甲氨蝶呤（MTX）常用于癌症治疗，但由于MTX相关的肾损伤，其临床应用受到限制。本研究探讨了苏木和骨髓间充质干细胞（BMMSCs）对MTX诱导的大鼠肾毒性的联合作用潜力。苏木提取物的高分辨液相色谱-质谱法（HR-LC-MS）初步鉴定出22种植物化学物质，主要是类黄酮、花青素和类固醇。苏木脂质体的合适粒径为 3041.33 ± 339.42 nm，多分散指数为 0.208 ± 0.086，包封效率为 84.92 ± 3.47%。将大鼠 BMMSCs（0.5×106 个细胞，静脉注射 [iv]）注入七个处理组的实验鼠尾静脉。实验设计依赖于对大鼠进行腹腔注射（IP）苏木脂质体（SL）（200 毫克/千克，每天与 MTX 剂量（300 微克/千克/14 天）一起注射）前或后处理。组织病理学检查和血清肌酐和尿素分析表明，除了调节氧化应激和炎症标志物的水平外，还取得了良好的效果。此外，B细胞淋巴瘤2（Bcl-2）、caspases-3和-9的基因表达水平明显下降，Bcl-2相关X蛋白（Bax）、核因子红细胞2相关因子2（Nrf2）和血红素氧化酶1的表达显著增加，Kelch样ECH相关蛋白1（Keap1）下调。总而言之，SL与BMMSCs联合应用可能是一种有效的治疗策略，可减轻MTX诱导的肾损伤。网络药理学分析确定了涉及的关键枢纽基因为 KEAP1、Nrf2、HMOX1、丝裂原活化蛋白激酶（MAPK1）、核因子-Kappa B（NF-KB）、白细胞介素-1 beta（IL-1B）和 caspase-3。对接结果显示，7-O-甲基青花素-3-O-（2″-半乳糖酰）-半乳糖苷与 Keap1 和金门黄酮与 MAPK 有很强的结合亲和力。这些发现为今后苏木类植物成分抗 MTX 引起的肾毒性的实验验证和治疗开发铺平了道路。

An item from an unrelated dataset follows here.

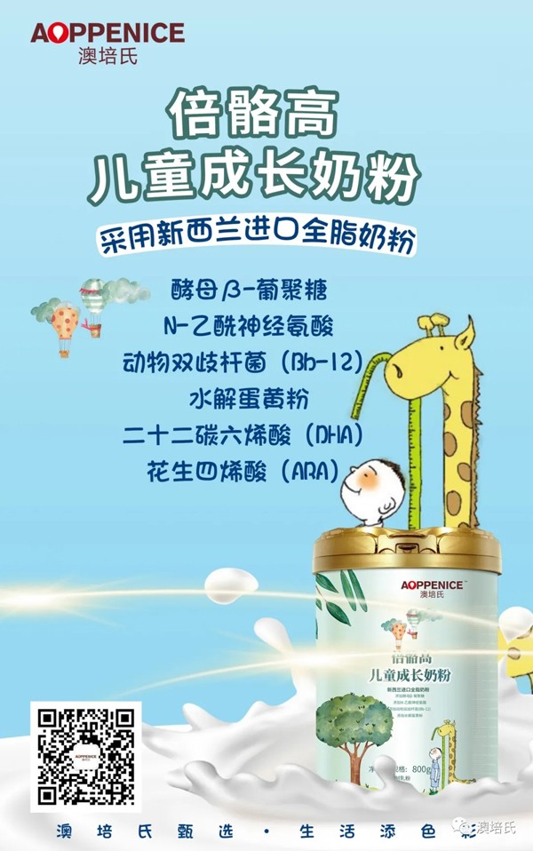 澳培氏-倍骼高兒童成長(zhǎng)奶粉為此次系列的主打產(chǎn)品之一。特別添加酵母β-葡聚糖、N-乙酰神經(jīng)氨酸、動(dòng)物雙歧桿菌(Bb-12)以及水解蛋黃粉成分,為兒童長(zhǎng)高補(bǔ)充營(yíng)養(yǎng)。
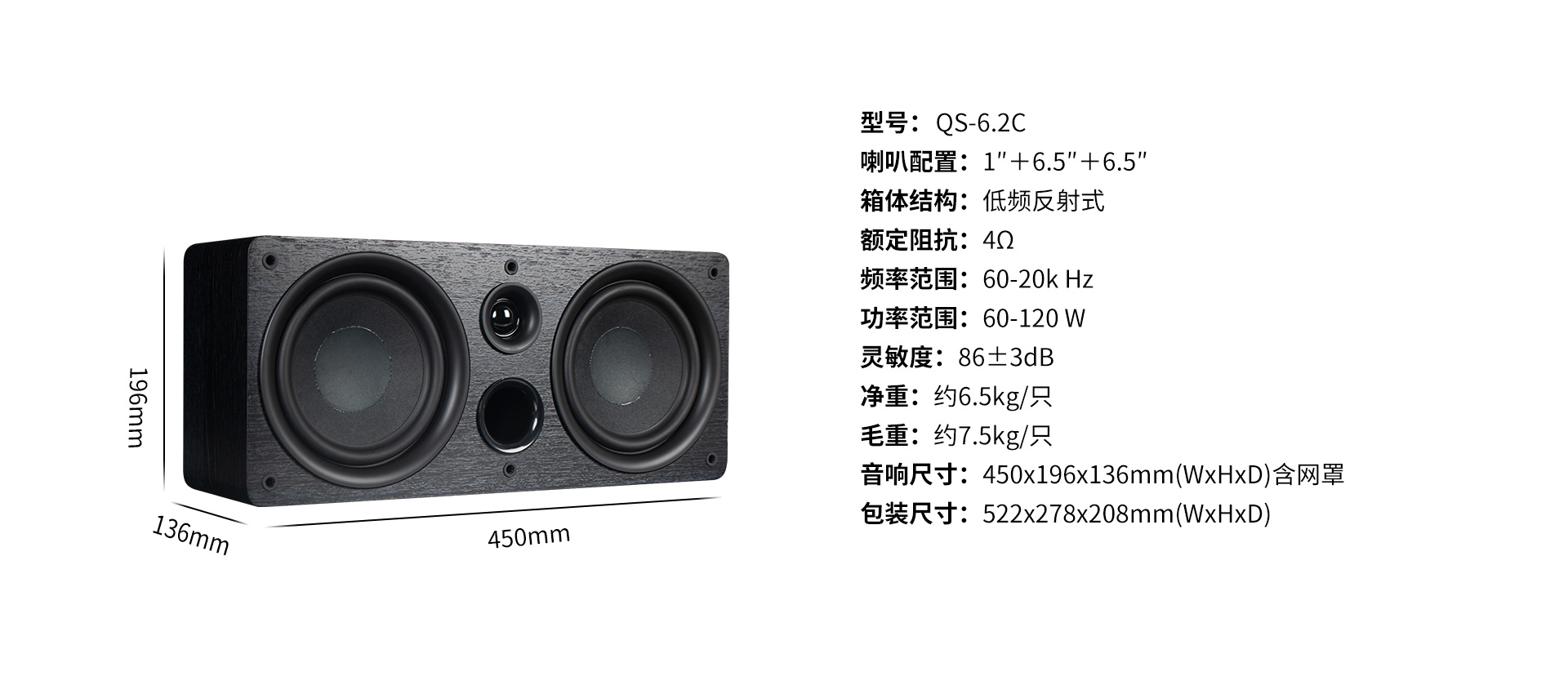 型號:QS-6.2C 喇叭配置:1"+6.5"+6.5" 箱體結構:低頻反射式 額定阻抗:4Ω 頻率范圍:60-20k Hz 功率范圍:60-120W 靈敏度:86±3dB 凈重:約6.5kg/只 毛重:約7.5kg/只 音響尺寸:450x196x136mm(WxHxD)含網罩 包裝尺寸:522x278x208mm(WxHxD) |

本文章由计算机程序翻译，如有差异，请以英文原文为准。

求助全文

约1分钟内获得全文求助全文

来源期刊

Archiv der Pharmazie 医学-化学综合

CiteScore

7.90

自引率

5.90%

发文量

176

审稿时长

3.0 months

期刊介绍： Archiv der Pharmazie - Chemistry in Life Sciences is an international journal devoted to research and development in all fields of pharmaceutical and medicinal chemistry. Emphasis is put on papers combining synthetic organic chemistry, structural biology, molecular modelling, bioorganic chemistry, natural products chemistry, biochemistry or analytical methods with pharmaceutical or medicinal aspects such as biological activity. The focus of this journal is put on original research papers, but other scientifically valuable contributions (e.g. reviews, minireviews, highlights, symposia contributions, discussions, and essays) are also welcome.